### Action item
Set each line of the material below down word for word, from the first through the line that holds "Nachdem wir das", but not the pictures.

═══

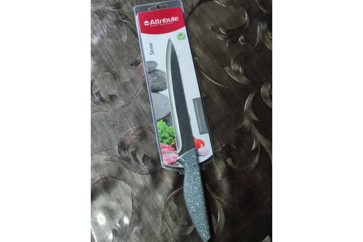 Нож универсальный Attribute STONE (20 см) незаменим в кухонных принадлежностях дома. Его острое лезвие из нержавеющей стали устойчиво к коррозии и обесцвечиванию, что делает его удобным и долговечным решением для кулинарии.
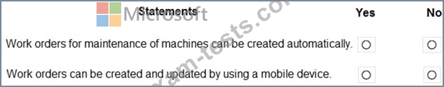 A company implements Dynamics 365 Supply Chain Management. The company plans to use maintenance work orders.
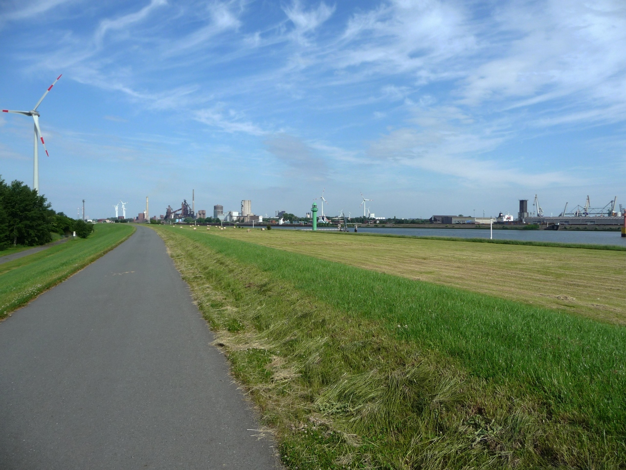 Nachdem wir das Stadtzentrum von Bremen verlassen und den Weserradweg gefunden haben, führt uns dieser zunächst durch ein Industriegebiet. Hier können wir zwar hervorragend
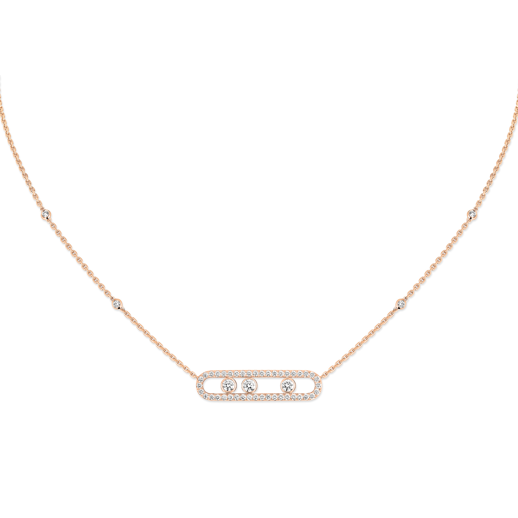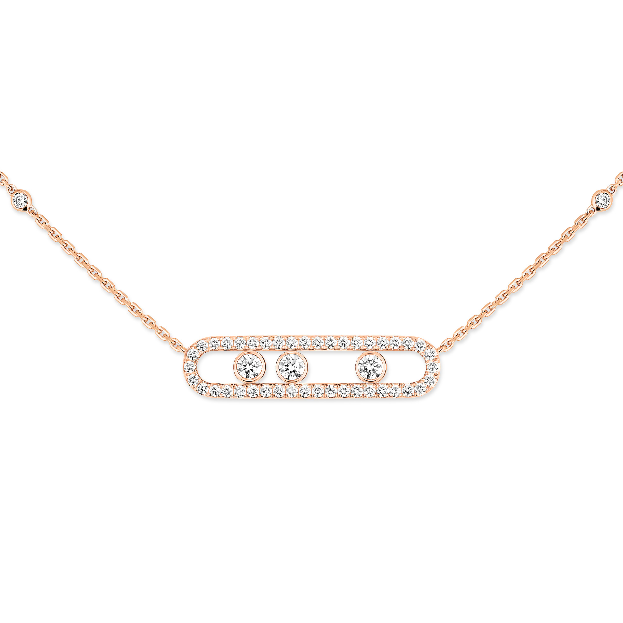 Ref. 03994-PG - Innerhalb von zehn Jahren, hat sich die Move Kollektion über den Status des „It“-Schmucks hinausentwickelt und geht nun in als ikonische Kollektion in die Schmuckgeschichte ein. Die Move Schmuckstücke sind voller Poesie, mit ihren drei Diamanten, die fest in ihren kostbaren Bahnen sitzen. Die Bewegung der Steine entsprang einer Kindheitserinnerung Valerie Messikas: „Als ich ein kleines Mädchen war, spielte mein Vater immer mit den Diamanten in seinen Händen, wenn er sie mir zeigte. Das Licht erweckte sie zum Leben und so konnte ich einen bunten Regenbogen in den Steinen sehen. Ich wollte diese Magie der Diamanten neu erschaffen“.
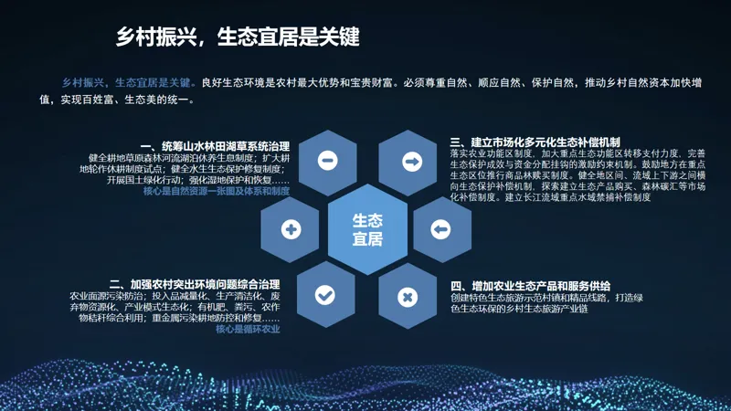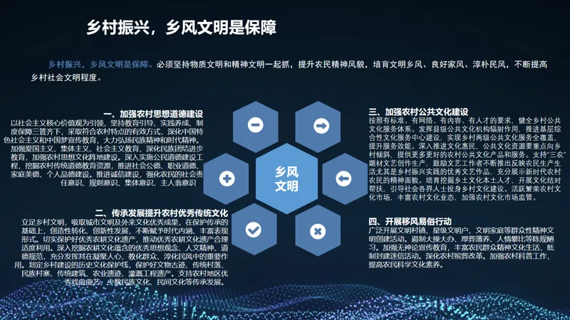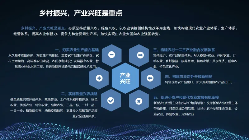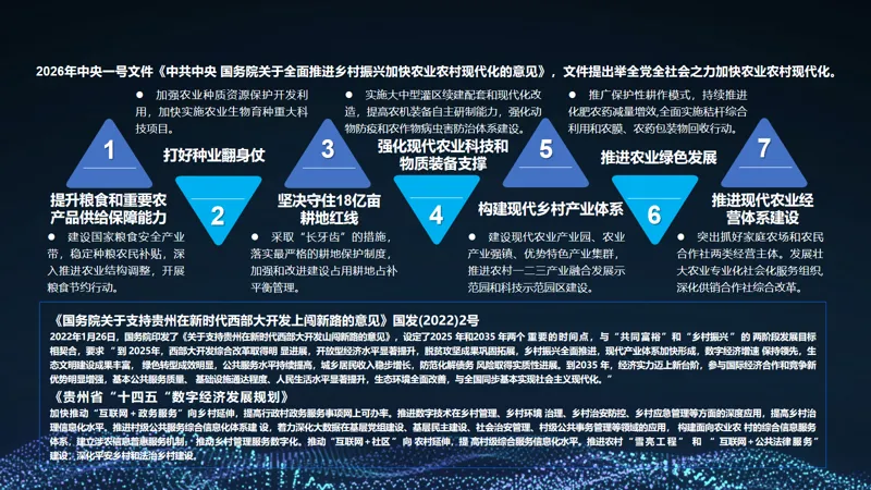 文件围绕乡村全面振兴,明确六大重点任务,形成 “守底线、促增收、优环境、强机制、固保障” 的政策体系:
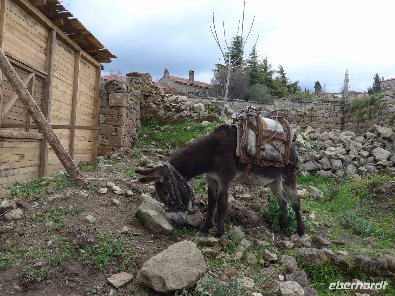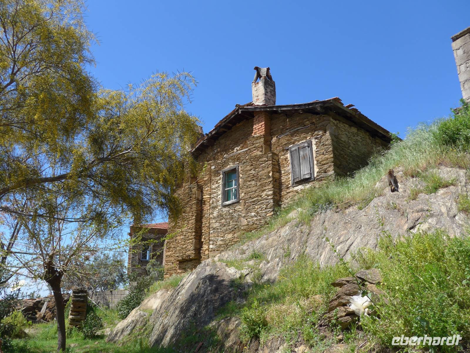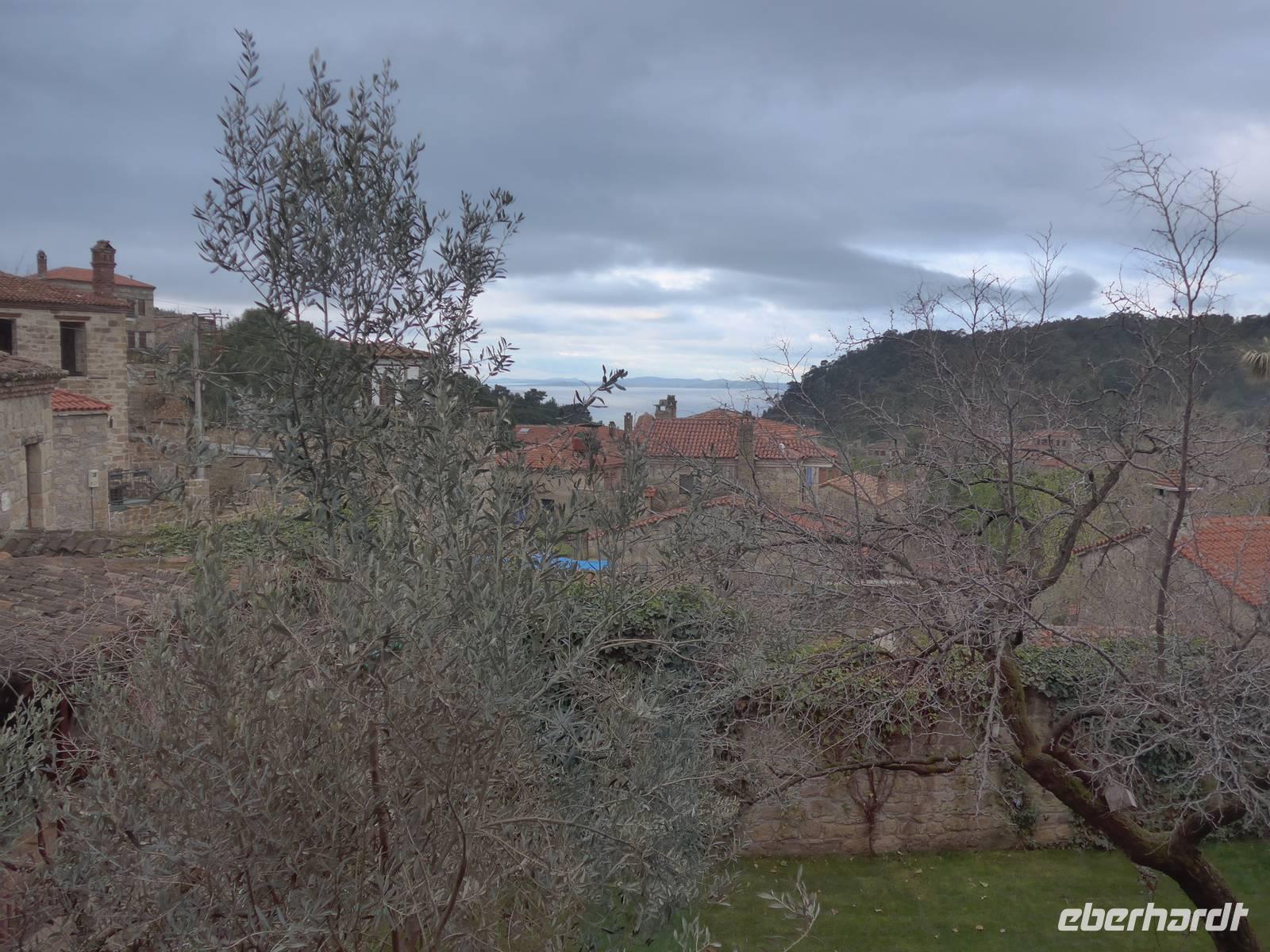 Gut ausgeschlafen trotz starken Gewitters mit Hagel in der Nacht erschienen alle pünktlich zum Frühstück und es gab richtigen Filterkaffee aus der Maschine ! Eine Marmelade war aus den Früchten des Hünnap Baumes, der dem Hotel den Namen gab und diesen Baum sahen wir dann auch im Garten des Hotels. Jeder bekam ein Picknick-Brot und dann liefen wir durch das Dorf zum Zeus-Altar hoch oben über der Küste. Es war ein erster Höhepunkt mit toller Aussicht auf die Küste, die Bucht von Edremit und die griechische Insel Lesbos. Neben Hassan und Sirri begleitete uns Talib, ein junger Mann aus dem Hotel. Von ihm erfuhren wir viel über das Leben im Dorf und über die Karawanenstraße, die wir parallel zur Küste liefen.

═══

### Response area
 Нож универсальный Attribute STONE (20 см) незаменим в кухонных принадлежностях дома. Его острое лезвие из нержавеющей стали устойчиво к коррозии и обесцвечиванию, что делает его удобным и долговечным решением для кулинарии.
 A company implements Dynamics 365 Supply Chain Management. The company plans to use maintenance work orders.
 Nachdem wir das Stadtzentrum von Bremen verlassen und den Weserradweg gefunden haben, führt uns dieser zunächst durch ein Industriegebiet. Hier können wir zwar hervorragend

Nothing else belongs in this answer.